Did the circuit court have jurisdiction to grant declaratory relief challenging MCL 211.27 and assessor methods? Circuit court may decide facial/as-applied constitutional questions and declare statute invalid. Tax Tribunal has exclusive, original jurisdiction over assessment/valuation disputes; characterizing assessment complaints as constitutional does not divest Tribunal. Held for City: Circuit court lacked subject-matter jurisdiction because the claim was essentially a challenge to assessments; exclusive Tax Tribunal jurisdiction applies.

Key Cases Cited

  • Great Lakes Div. of Nat’l Steel Corp. v.
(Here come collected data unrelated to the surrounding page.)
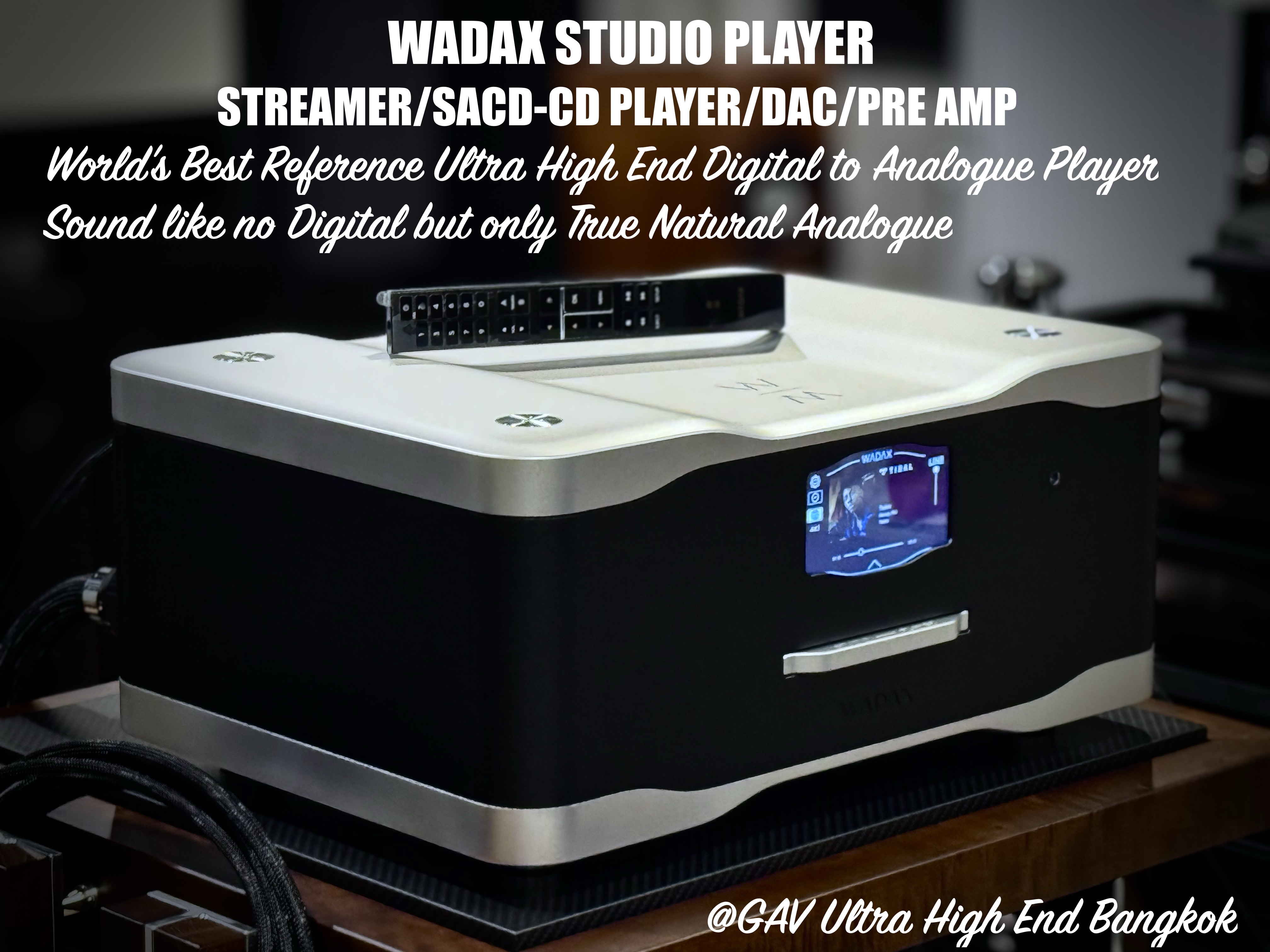 WADAX STUDIO PLAYER "World's Best Sound All in One Digital to Analog Source" ที่สุดของต้นทางเครื่องเล่นดิจิตอลทูอนาล็อค แบบ ออล-อิน-วัน ระดับอัลตร้าไฮเอ็นด์ อันดับหนึ่งของโลก เป็นทั้งเครื่องเล่นสตรีมเมอร์ และ เครื่องเล่น SACD/CD ให้เสียงที่ดีเยี่ยมไร้ความเป็นดิจิตอลเหนือกว่าเครื่องแยกชิ้นยี่ห้ออื่นๆมากมาย
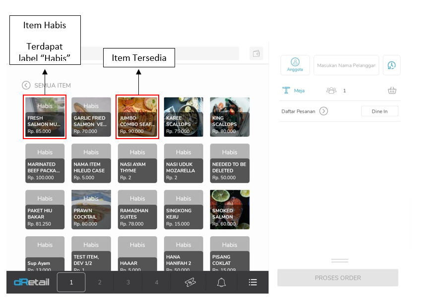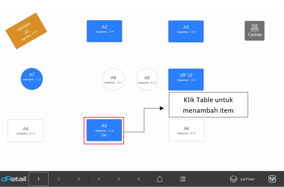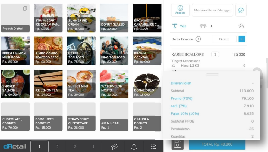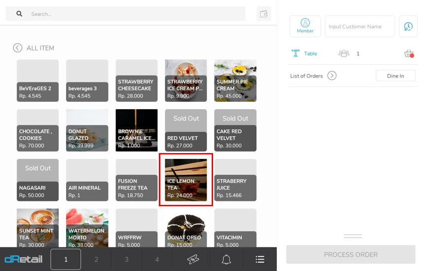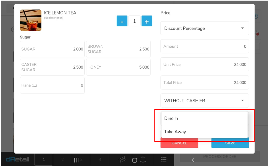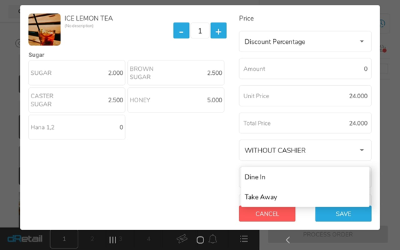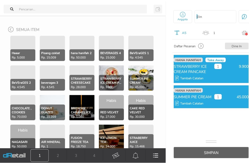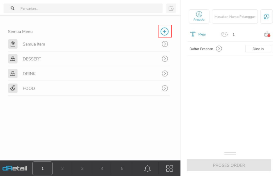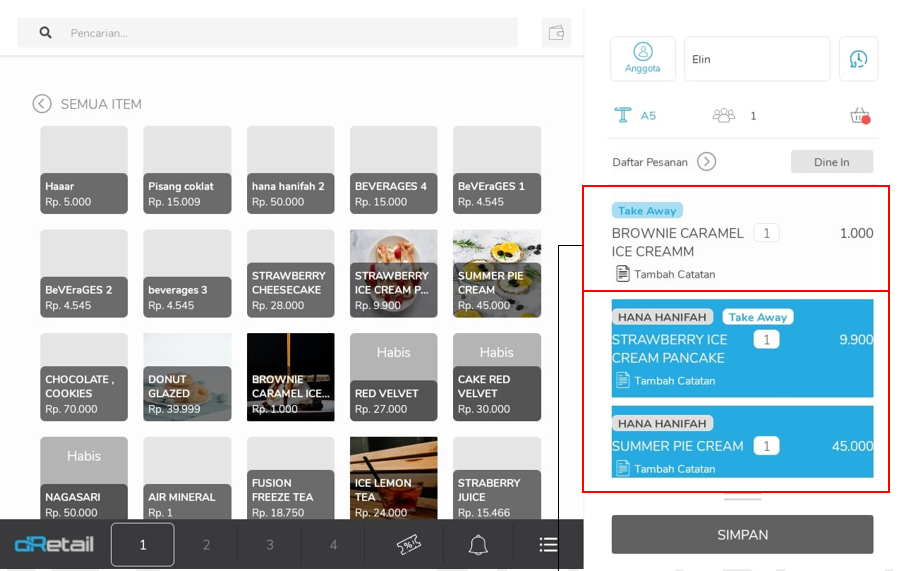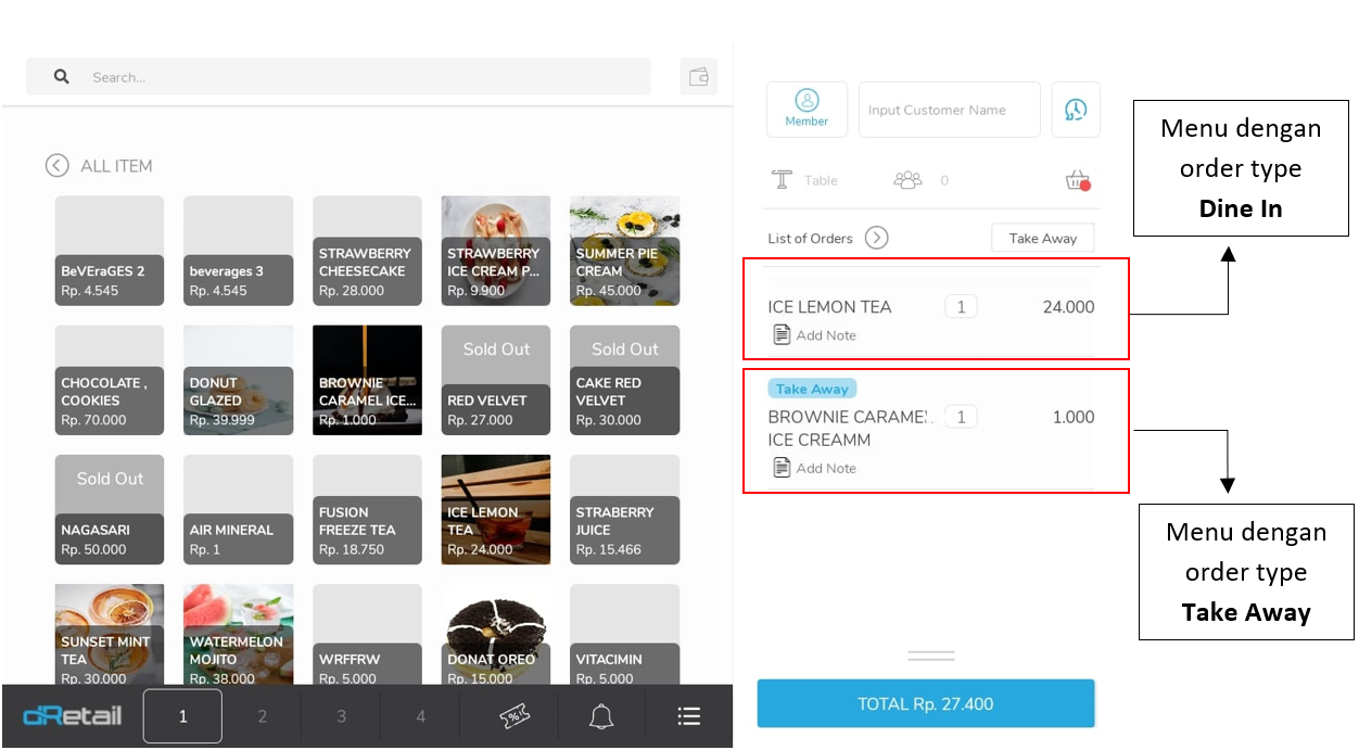Klik Dine in untuk mengubah tipe order
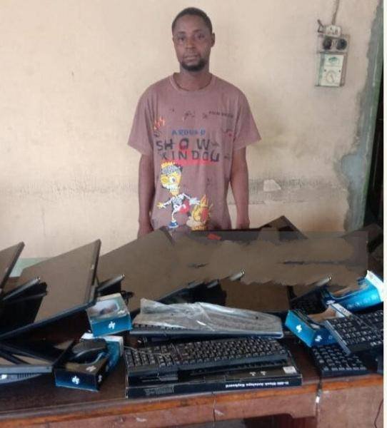 According to a statement made by the command’s spokesperson, DSP Bright Edafe, the suspect, Oki Precious, 34, was apprehended after a report about the stolen laptops was submitted by the school administration on March 2.
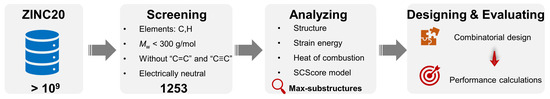 Herein, as depicted in Figure 1, high-throughput screening is employed to obtain the molecules with potential as HEDH fuels from the ZINC20 database, and the structural features are mined by a statistical analysis as well as the maximum substructure search approach to improve the domain knowledge. More importantly, the topologically assembled schemes of syntin and QC using the common substructures of the above-screened candidates are excavated and combined with the combinatorial design strategy to further guide the design of 20 fuels. Ultimately, these designed fuels are evaluated with group-contribution methods and DFT calculations, all exhibiting higher volumetric net heat values of combustion than QC, illustrating the potential applications for HEDH fuels and the effectiveness of the proposed approach.

City of Ecorse, 227 Mich. App. 379 (discussion of Tax Tribunal evidentiary standard and adoption of assessor values when supported by competent, substantial evidence)
  • Meadowlanes Ltd. Dividend Housing Ass’n v. City of Holland, 437 Mich. 473 (treatment of cost approach and consideration of federal subsidies and economic obsolescence for subsidized housing)
  • Michigan Properties, LLC v. Meridian Township, 491 Mich. 518 (standard of appellate review for Tax Tribunal; fraud/error of law/wrong principles limitation)
  • Pontiac Country Club v. Waterford Township, 299 Mich. App. 427 (Tax Tribunal may adopt assessed valuation if supported by competent, substantial evidence; true cash value = fair market value)
  • CAF Investment Co. v. State Tax Commission (CAF I), 392 Mich. 442 (actual income is required consideration under earlier statute for income-capitalization approach)
  • CAF Investment Co. v. Saginaw Township (CAF II), 410 Mich. 428 (reaffirmation that actual income is controlling under prior statutory regime)
  • Pinelake Housing Coop v. Ann Arbor, 159 Mich. App. 208 (approved a particular income-capitalization approach for a co-op under narrow facts)
  • Colonial Square Coop. v. Ann Arbor, 263 Mich. App. 208 (uncapping: municipality must track transfers and cannot simply uncap entire parcel proportionally without demonstrating which units transferred)
  • President Inn Prop., LLC v. Grand Rapids, 291 Mich. App. 625 (Tax Tribunal de novo review; burden of proof in property tax hearings)
Read the full case

Case Details

Case Name: Forest Hills Cooperative v. City of Ann Arbor
Court Name: Michigan Court of Appeals
Date Published: Jun 12, 2014
Citation: 305 Mich. App. 572
Docket Number: Docket Nos. 305194 and 306479
Court Abbreviation: Mich. Ct. App.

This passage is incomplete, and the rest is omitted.